For researchers and program leaders evaluating self-driving lab claims:
- Count the loop iterations. A platform that ran once is automation; a platform that ran a closed inference-experiment-update loop many times is autonomy. The number of loop iterations should be in the paper.
- Read the validation layer. What experiments were run to verify novelty, correctness, and reproducibility? A-Lab’s experience shows what happens when this layer is thin.
- Match the chemistry-to-biology gap. Chemistry autonomous labs are mature; biology autonomous labs are emerging. A platform that works for thin films does not directly transfer to nanobody discovery, and vice versa.
- Read the hardware layer alongside the algorithm layer. Cloud-lab integration (Emerald, Strateos), robotic-arm reliability, and assay-format constraints often dominate what is actually possible. The published algorithm sits on top of a hardware stack that bounds its real performance.

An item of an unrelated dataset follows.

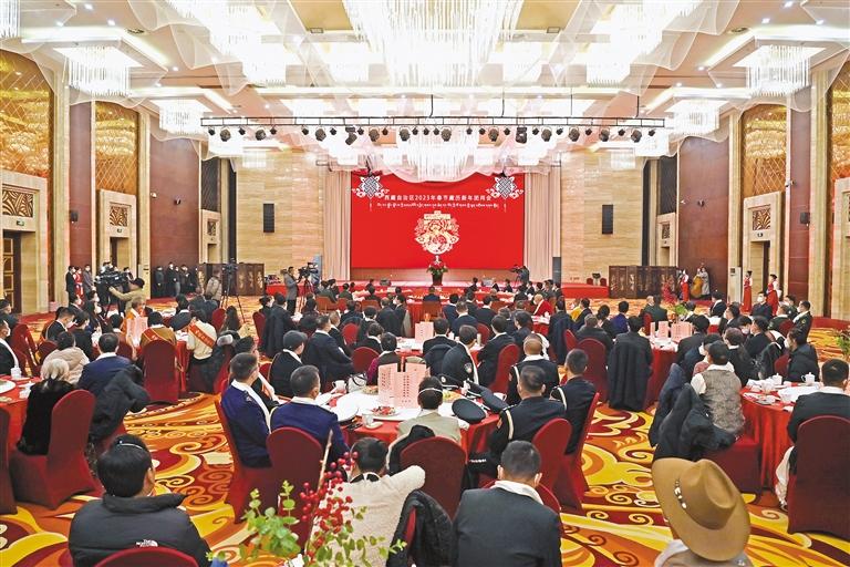 1月17日下午,西藏自治區(qū)2023年春節(jié)、藏歷新年團拜會在拉薩舉行,自治區(qū)黨政軍領導與各族各界人士歡聚一堂。 旦增西旦 攝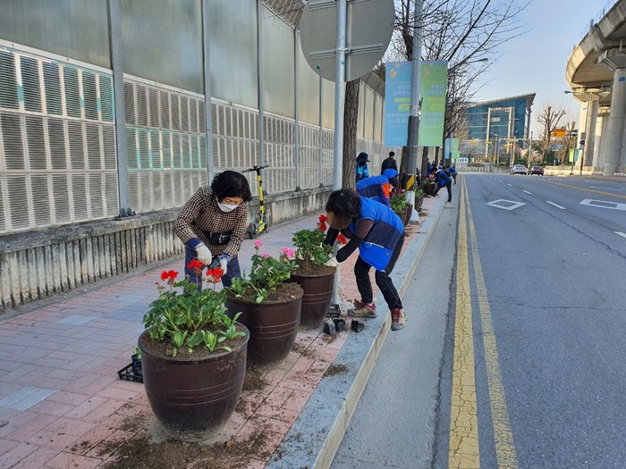 경기 의정부시 장암동은 지난 8일 새봄을 맞이해 마을 대청소와 꽃길가꾸기 행사를 진행했다. 참여자들은 겨우내 묵은 잡초를 제거하고, 도로변 화단 및 화분에 금잔화·사피니 등 봄꽃 2200본을 식재했으며 지역내 주요 도로와 학교 인근 등을 중심으로 환경정화를 실시했다. 사진은 이날 참여자들이 화단에 봄꽃을 식재하고 있는 모습. (사진제공=의정부시청)

- Treat single-laboratory results as proof of concept, not as a community capability. A self-driving result that works in one lab and does not reproduce in another has demonstrated something narrower than the abstract suggests.
- Cite the historical lineage. Current self-driving lab papers that ignore Adam, Eve, Ada, ChemOS, and the Häse 2019 review tend also to overclaim novelty. The honest framing locates current work in the trajectory.
- Pair this chapter with Agentic Science Workflows. The orchestration-agent layer (ChemCrow, Coscientist’s planner, Virtual Lab’s PI-agent) is conceptually distinct from the autonomous-loop layer, even though both appear in the same papers.